Items listed in a dataset:
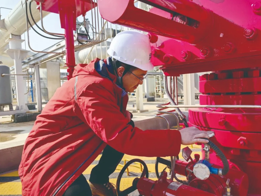 马洪岭在查看注采井上的表盘。倪思洁/摄
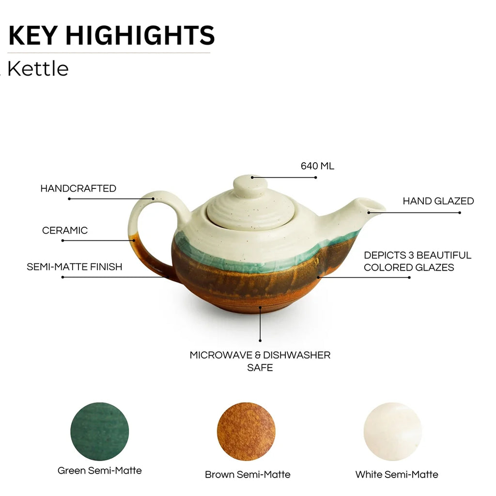 - Depicts beautiful fusion of 3 colours (White, Green & Brown) through hand glazing on tea cups & a kettle.
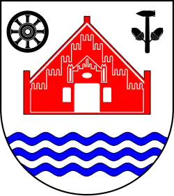 Blasonierung: „In Silber über drei blauen Wellenbalken die rote Front eines Bauernhauses, begleitet rechts oben von einem schwarzen Wagenrad und links oben von einem schwarzen Hammer mit zwei am Stiel ausschlagenden Eicheln.“[4]
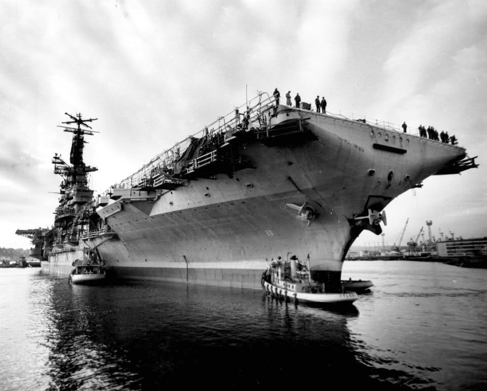 515k | USS Bennington (CVS-20) departing Long Beach Naval Shipyard, California, 10 October 1969, en route to Puget Sound Naval Shipyard, Washington, for inactivation. Official US Navy Photo #1142458. From the Naval Photographic Center, Naval Station, Washington DC. |
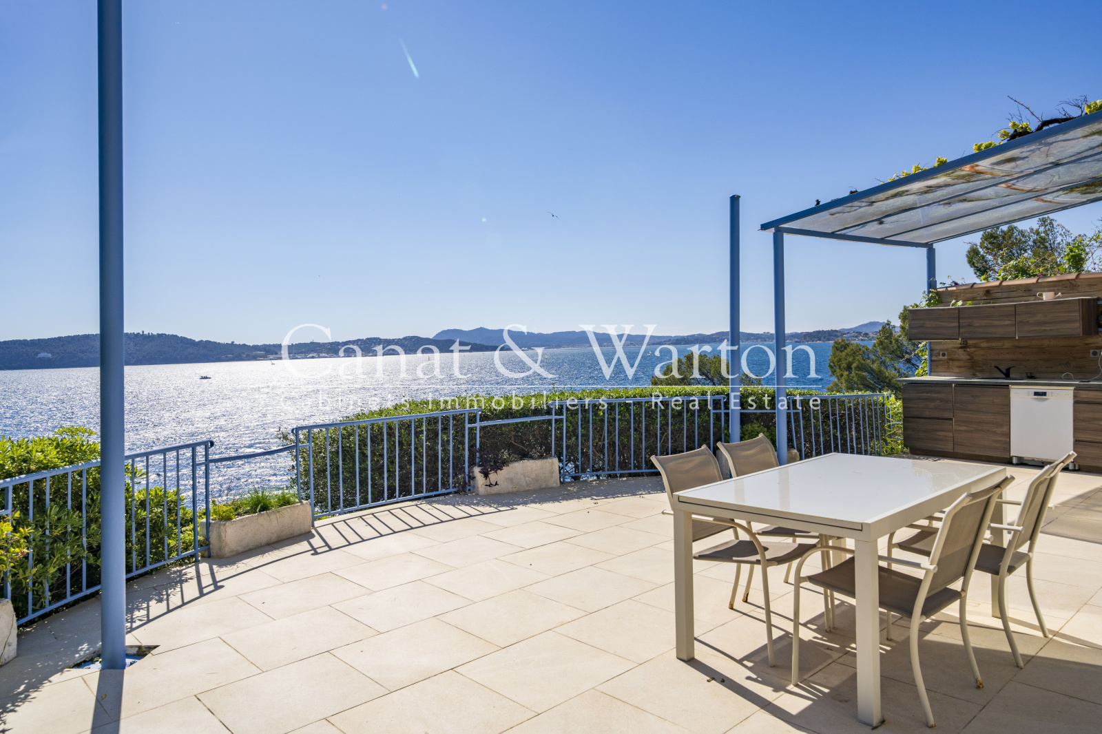 Idéalement située en première ligne, les pieds dans l’eau, Canat & Warton vous propose cette villa méditerranéenne de 165 m², nichée en pleine nature dans un cadre paisible et préservé. Elle bénéficie d’un accès direct à des criques sauvages ainsi que d’une vue panoramique exceptionnelle sur la baie de Toulon.
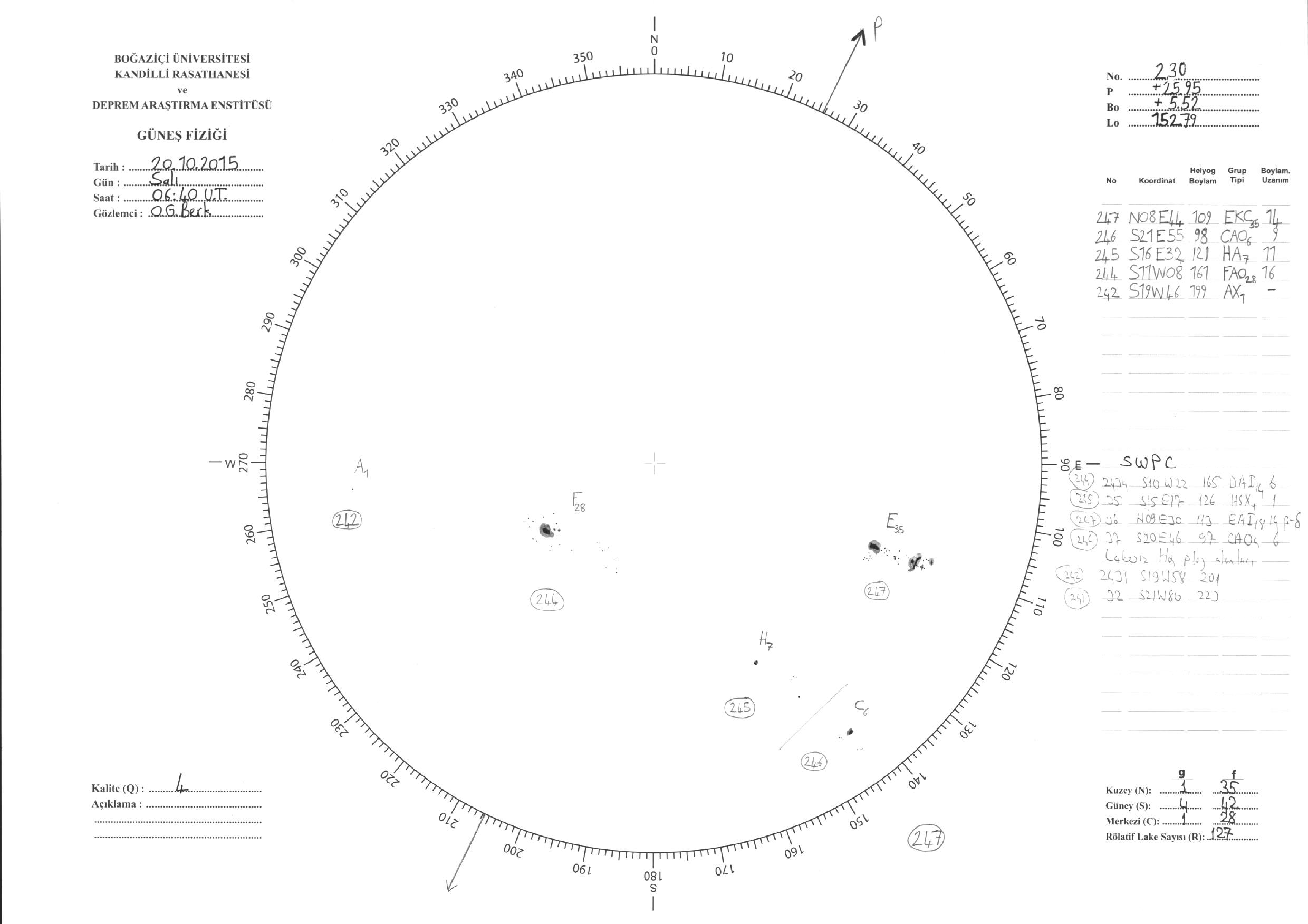 Güneş Lekesi Çizimi - 20.10.2015
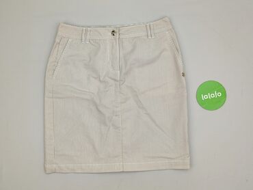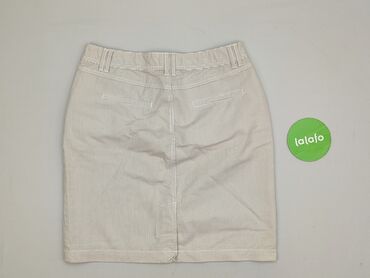 Spódnica BEL0VED Woman - Krój: ołówkowy, prosta linia, długość przed kolano - Zapięcie: rząd dekoracyjnych guzików z przodu - Wzór: pionowe białe paski na beżowym tle - Materiał: lekko teksturowan...
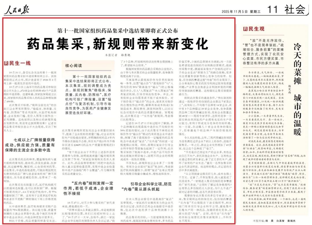 第十一批国家组织药品集采中选结果即将正式公布。本次集采,规则调整成为亮点。新规则聚焦“稳临床、保质量、反内卷、防围标”,医疗机构可按厂牌报量,设置“锚点价”与复活机制,引导市场良性竞争,为医药产业健康发展营造良好环境。
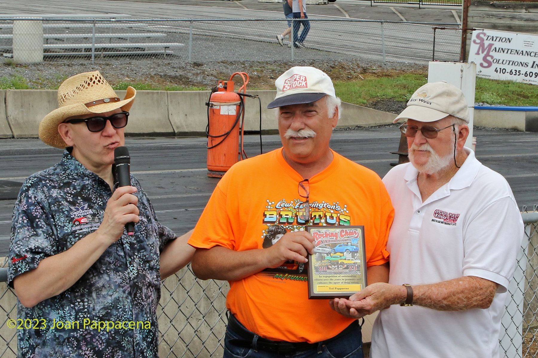 Up early Saturday morning at to be at the track by 9:30 A M. That’s when the ceremony would start. Among the honorees were Jack Redd, Steve Bell, Todd Dziadosz , Vern Abernathy, Sam Auxier, Jr, Steve Lesuer, Tom Mc Rea,, and Phil Hutchens to name a few. Plaques were given to each of us and we were interviewed by Bill “Drag List” Pratt, Hayne and Gary. When it was over I found the time to try out my new camera. It has a vehicle tracking feature and I was eager to see how it performed. It did very well, but truthfully, it was just too hot to stand out there and shoot anything for an extended period so it was back to the tent for more bench racing before we left for the day. And a great day it was!
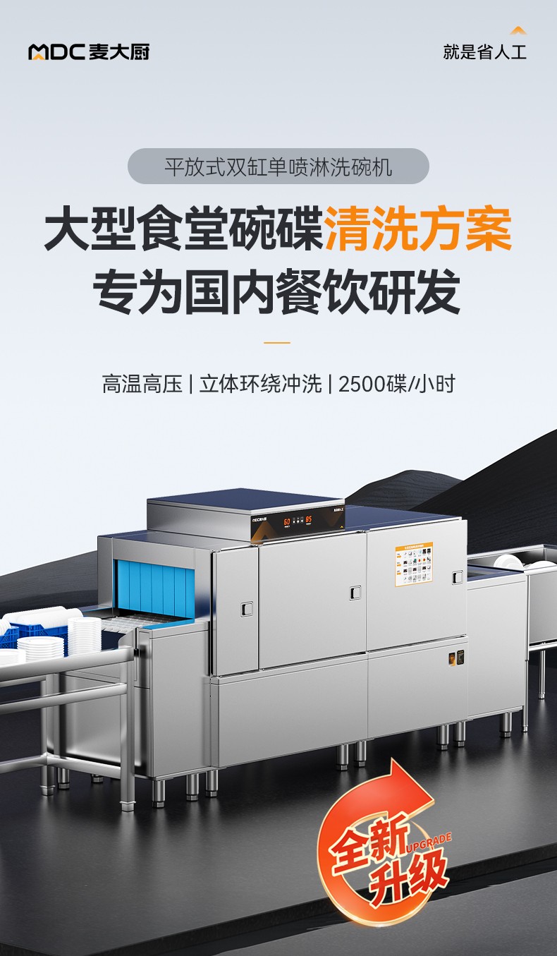 麥大廚旗艦款2.95m平放式雙缸單噴淋長龍式洗碗機
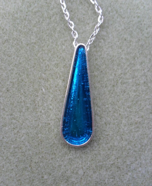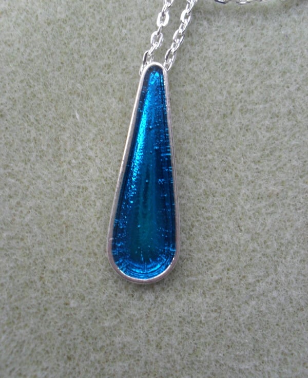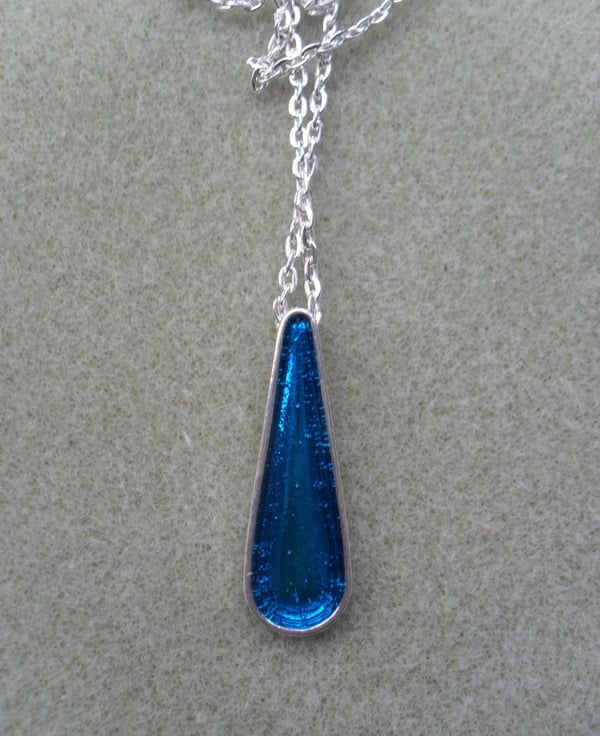 Drop pendant of blue resin in a silver plated mount and suspended from a silver plated chain.

▶ _Problem requirements_:
After locating the line containing "Blasonierung: „In Silber" in the entries above, return it and every line after it exactly, ending at the line containing "Spódnica BEL0VED Woman", without pictures.

▶ _Solution to this exercise_:
 Blasonierung: „In Silber über drei blauen Wellenbalken die rote Front eines Bauernhauses, begleitet rechts oben von einem schwarzen Wagenrad und links oben von einem schwarzen Hammer mit zwei am Stiel ausschlagenden Eicheln.“[4]
 515k | USS Bennington (CVS-20) departing Long Beach Naval Shipyard, California, 10 October 1969, en route to Puget Sound Naval Shipyard, Washington, for inactivation. Official US Navy Photo #1142458. From the Naval Photographic Center, Naval Station, Washington DC. |
 Idéalement située en première ligne, les pieds dans l’eau, Canat & Warton vous propose cette villa méditerranéenne de 165 m², nichée en pleine nature dans un cadre paisible et préservé. Elle bénéficie d’un accès direct à des criques sauvages ainsi que d’une vue panoramique exceptionnelle sur la baie de Toulon.
 Güneş Lekesi Çizimi - 20.10.2015
 Spódnica BEL0VED Woman - Krój: ołówkowy, prosta linia, długość przed kolano - Zapięcie: rząd dekoracyjnych guzików z przodu - Wzór: pionowe białe paski na beżowym tle - Materiał: lekko teksturowan...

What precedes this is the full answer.